■ **PROBLEM DESCRIPTION**: Range to reproduce from the entries below: the line with "کرکماز است. این", the line with "- The user can", and every line in between. Give them exactly and give nothing else.

--- DATA Enclosed Below ---

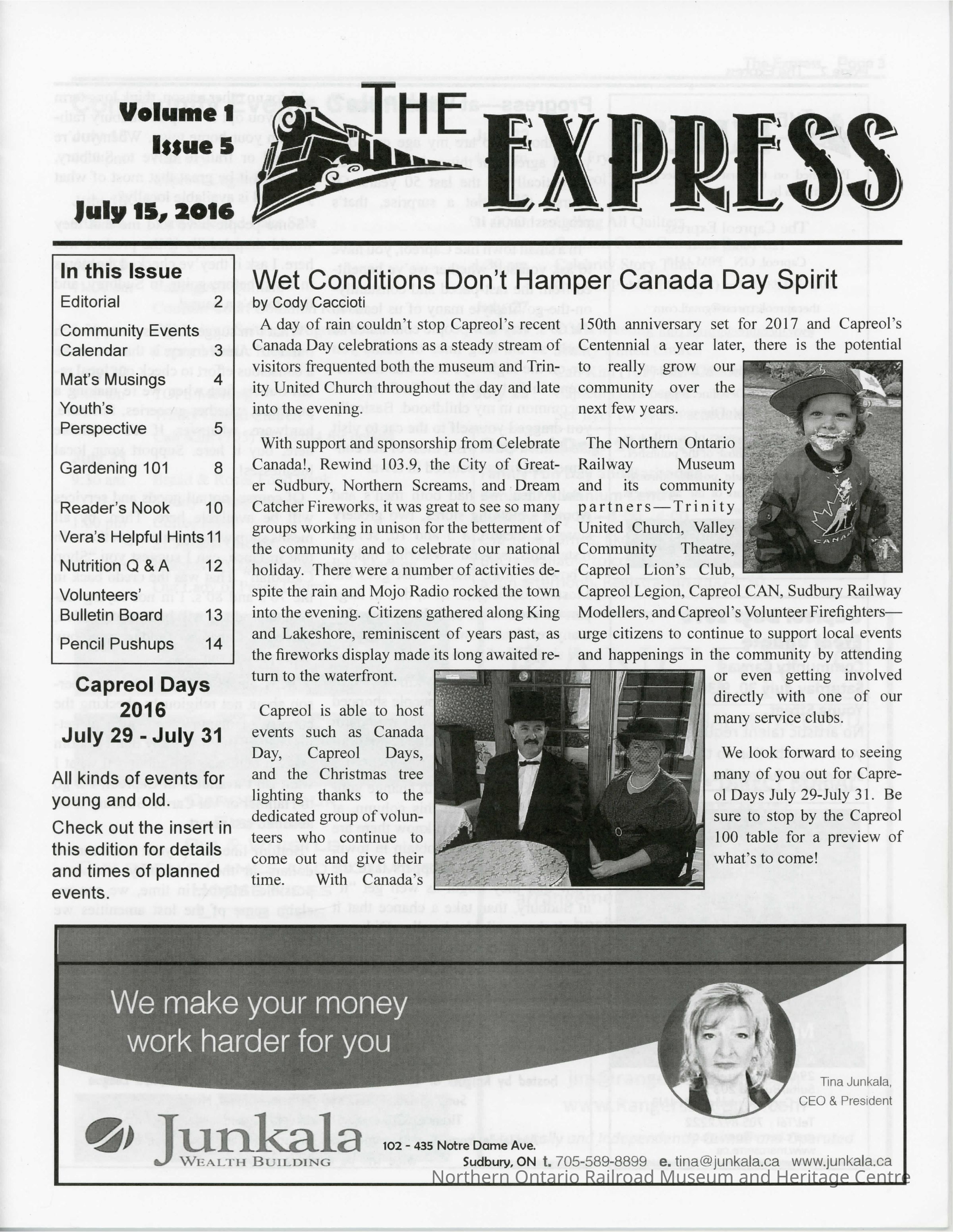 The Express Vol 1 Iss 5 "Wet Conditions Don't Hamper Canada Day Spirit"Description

--- End of Enclosed DATA ---
--- DATA Enclosed Below ---

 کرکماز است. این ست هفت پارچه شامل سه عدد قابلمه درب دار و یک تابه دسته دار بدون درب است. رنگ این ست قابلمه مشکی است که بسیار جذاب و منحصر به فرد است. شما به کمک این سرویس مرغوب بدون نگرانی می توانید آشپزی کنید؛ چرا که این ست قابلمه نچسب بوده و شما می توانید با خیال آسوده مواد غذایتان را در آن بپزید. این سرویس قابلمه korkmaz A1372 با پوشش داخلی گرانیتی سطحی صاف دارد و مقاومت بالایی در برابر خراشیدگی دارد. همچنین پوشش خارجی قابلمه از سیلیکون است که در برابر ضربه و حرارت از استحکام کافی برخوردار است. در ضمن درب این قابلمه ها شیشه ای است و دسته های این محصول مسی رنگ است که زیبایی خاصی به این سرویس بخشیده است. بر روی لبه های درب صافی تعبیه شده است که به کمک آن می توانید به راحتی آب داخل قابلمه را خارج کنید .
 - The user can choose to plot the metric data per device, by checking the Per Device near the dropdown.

--- End of Enclosed DATA ---

■ **RESPONSE TO THE TASK**:
 کرکماز است. این ست هفت پارچه شامل سه عدد قابلمه درب دار و یک تابه دسته دار بدون درب است. رنگ این ست قابلمه مشکی است که بسیار جذاب و منحصر به فرد است. شما به کمک این سرویس مرغوب بدون نگرانی می توانید آشپزی کنید؛ چرا که این ست قابلمه نچسب بوده و شما می توانید با خیال آسوده مواد غذایتان را در آن بپزید. این سرویس قابلمه korkmaz A1372 با پوشش داخلی گرانیتی سطحی صاف دارد و مقاومت بالایی در برابر خراشیدگی دارد. همچنین پوشش خارجی قابلمه از سیلیکون است که در برابر ضربه و حرارت از استحکام کافی برخوردار است. در ضمن درب این قابلمه ها شیشه ای است و دسته های این محصول مسی رنگ است که زیبایی خاصی به این سرویس بخشیده است. بر روی لبه های درب صافی تعبیه شده است که به کمک آن می توانید به راحتی آب داخل قابلمه را خارج کنید .
 - The user can choose to plot the metric data per device, by checking the Per Device near the dropdown.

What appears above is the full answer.